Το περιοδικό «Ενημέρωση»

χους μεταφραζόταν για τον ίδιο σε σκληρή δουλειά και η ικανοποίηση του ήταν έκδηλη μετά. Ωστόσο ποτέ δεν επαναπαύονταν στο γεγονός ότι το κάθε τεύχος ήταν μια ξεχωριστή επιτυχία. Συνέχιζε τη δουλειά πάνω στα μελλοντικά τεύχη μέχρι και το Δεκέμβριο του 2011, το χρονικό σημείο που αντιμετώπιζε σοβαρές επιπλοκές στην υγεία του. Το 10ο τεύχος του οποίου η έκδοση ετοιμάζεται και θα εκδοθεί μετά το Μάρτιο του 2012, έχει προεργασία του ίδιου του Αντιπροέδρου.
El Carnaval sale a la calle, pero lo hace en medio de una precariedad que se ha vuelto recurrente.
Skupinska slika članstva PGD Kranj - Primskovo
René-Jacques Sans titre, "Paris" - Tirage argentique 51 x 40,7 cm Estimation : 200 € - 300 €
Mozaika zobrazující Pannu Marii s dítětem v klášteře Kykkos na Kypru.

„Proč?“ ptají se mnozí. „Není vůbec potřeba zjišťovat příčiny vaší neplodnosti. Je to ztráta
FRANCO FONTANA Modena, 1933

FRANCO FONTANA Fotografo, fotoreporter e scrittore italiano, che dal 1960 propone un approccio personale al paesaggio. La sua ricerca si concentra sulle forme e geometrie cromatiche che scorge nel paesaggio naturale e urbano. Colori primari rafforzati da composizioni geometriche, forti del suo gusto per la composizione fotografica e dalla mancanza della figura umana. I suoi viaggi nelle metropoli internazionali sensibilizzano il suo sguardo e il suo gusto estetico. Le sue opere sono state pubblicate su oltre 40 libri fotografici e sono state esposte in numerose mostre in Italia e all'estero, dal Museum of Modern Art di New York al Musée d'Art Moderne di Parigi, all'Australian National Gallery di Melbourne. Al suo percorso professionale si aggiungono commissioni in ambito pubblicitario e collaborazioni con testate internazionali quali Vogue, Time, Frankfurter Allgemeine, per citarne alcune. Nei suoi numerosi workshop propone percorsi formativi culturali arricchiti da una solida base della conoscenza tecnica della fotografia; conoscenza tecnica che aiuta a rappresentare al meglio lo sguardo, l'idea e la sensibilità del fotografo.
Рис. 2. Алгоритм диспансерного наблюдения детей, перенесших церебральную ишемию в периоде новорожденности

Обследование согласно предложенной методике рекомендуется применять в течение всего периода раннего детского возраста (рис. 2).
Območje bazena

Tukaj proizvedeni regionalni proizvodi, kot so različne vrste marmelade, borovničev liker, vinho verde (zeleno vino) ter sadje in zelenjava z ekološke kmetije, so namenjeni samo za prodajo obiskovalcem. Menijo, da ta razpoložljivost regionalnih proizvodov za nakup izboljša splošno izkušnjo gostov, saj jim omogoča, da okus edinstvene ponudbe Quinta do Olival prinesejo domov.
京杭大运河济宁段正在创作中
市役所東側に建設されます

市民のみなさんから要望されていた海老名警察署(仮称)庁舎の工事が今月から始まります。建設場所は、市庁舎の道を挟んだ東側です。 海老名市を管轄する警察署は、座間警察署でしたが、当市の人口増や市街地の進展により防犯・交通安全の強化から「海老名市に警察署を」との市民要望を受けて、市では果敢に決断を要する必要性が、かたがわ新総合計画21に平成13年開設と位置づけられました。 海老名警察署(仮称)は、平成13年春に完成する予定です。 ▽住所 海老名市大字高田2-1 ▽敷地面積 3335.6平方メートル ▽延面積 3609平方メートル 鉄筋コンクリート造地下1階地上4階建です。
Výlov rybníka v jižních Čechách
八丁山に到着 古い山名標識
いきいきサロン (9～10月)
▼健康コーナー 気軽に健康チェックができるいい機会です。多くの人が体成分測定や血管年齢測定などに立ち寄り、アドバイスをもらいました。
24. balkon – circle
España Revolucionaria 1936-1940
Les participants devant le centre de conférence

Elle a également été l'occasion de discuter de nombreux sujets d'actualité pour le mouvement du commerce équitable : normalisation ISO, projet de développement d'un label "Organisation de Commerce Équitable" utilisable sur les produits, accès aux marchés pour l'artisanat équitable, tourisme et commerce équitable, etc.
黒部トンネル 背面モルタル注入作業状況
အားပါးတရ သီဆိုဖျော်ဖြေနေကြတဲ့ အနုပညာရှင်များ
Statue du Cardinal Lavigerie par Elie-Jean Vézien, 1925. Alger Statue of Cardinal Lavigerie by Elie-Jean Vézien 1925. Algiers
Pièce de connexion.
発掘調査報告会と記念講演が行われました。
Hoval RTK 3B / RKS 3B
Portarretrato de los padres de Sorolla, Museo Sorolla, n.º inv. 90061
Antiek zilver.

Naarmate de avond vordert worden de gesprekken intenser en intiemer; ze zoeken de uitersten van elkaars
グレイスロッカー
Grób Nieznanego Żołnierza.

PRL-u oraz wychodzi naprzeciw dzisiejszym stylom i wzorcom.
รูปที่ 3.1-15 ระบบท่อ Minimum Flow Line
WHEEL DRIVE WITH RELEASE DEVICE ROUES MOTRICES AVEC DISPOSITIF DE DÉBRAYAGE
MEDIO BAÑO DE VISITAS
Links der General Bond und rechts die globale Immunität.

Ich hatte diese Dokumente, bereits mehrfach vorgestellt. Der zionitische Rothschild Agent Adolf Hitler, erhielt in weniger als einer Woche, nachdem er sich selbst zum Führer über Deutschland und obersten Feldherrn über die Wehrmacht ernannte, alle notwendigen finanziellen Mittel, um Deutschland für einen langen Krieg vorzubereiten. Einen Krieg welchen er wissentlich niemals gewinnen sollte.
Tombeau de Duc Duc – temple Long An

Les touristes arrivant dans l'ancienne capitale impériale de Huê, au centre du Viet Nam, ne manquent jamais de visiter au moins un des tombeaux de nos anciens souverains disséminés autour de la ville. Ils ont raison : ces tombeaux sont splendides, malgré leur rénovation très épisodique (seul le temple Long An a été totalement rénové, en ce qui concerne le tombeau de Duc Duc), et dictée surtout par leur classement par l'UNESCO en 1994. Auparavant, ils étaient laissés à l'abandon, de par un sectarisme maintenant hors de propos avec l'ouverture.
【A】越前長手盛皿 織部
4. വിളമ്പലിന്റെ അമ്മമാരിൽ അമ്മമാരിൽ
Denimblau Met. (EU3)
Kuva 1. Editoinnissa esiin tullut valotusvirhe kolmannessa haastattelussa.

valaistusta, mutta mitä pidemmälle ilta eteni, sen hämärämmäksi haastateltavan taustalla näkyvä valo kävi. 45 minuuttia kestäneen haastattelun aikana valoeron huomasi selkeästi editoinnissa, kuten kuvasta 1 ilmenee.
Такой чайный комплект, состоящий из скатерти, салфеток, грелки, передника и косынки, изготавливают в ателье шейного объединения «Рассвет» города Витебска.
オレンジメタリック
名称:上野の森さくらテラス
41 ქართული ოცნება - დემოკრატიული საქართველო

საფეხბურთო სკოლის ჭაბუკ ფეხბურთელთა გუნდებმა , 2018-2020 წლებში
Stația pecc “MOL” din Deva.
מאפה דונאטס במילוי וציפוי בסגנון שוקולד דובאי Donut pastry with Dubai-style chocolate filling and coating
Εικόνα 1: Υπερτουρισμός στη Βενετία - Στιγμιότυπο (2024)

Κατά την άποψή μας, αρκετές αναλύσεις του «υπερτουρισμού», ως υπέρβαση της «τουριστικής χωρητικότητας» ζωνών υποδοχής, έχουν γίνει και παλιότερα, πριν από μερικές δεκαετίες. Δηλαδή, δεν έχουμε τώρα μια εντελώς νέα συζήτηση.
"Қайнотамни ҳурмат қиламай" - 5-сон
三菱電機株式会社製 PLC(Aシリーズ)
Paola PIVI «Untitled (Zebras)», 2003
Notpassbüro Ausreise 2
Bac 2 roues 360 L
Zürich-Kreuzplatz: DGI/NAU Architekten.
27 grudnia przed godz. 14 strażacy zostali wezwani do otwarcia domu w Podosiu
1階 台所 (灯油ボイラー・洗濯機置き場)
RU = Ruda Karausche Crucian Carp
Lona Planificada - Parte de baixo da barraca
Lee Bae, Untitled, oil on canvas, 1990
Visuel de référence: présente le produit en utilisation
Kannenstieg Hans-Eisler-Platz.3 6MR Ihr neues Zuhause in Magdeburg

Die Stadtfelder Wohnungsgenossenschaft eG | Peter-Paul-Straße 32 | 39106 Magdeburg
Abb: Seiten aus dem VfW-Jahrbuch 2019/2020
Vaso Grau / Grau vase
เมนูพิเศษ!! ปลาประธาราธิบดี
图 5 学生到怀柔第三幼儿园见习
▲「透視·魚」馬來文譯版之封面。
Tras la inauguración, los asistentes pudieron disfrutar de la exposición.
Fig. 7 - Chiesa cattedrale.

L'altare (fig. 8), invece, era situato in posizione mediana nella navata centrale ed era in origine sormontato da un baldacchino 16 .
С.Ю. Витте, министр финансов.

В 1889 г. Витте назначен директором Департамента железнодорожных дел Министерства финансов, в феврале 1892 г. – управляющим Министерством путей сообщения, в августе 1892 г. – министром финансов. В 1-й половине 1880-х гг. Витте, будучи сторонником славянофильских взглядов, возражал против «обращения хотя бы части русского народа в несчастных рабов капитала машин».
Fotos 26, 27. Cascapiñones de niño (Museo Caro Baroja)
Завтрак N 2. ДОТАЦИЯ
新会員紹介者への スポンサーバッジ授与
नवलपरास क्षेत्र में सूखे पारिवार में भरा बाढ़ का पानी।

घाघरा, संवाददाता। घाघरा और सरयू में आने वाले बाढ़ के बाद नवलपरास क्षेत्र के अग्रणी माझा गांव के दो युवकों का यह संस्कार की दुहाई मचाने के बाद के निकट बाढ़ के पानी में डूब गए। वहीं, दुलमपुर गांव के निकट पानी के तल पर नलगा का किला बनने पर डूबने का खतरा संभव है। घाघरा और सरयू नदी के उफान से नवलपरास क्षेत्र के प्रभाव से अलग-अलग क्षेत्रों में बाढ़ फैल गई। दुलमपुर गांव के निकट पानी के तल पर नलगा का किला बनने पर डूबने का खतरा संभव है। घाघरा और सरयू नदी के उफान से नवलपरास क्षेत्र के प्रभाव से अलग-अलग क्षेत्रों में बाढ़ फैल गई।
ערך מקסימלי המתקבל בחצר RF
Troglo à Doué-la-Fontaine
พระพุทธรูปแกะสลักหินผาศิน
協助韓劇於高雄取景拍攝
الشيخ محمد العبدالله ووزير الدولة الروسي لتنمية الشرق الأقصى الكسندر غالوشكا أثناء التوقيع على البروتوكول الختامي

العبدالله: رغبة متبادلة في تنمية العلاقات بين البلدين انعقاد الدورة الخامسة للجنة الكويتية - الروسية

> Directions for this task:
Look above for the line holding "Skupinska slika članstva", then set down exactly that line and every line after it up to and including the line holding "FRANCO FONTANA Modena, 1933", with nothing else.

> Output below:
Skupinska slika članstva PGD Kranj - Primskovo
René-Jacques Sans titre, "Paris" - Tirage argentique 51 x 40,7 cm Estimation : 200 € - 300 €
Mozaika zobrazující Pannu Marii s dítětem v klášteře Kykkos na Kypru.

„Proč?“ ptají se mnozí. „Není vůbec potřeba zjišťovat příčiny vaší neplodnosti. Je to ztráta
FRANCO FONTANA Modena, 1933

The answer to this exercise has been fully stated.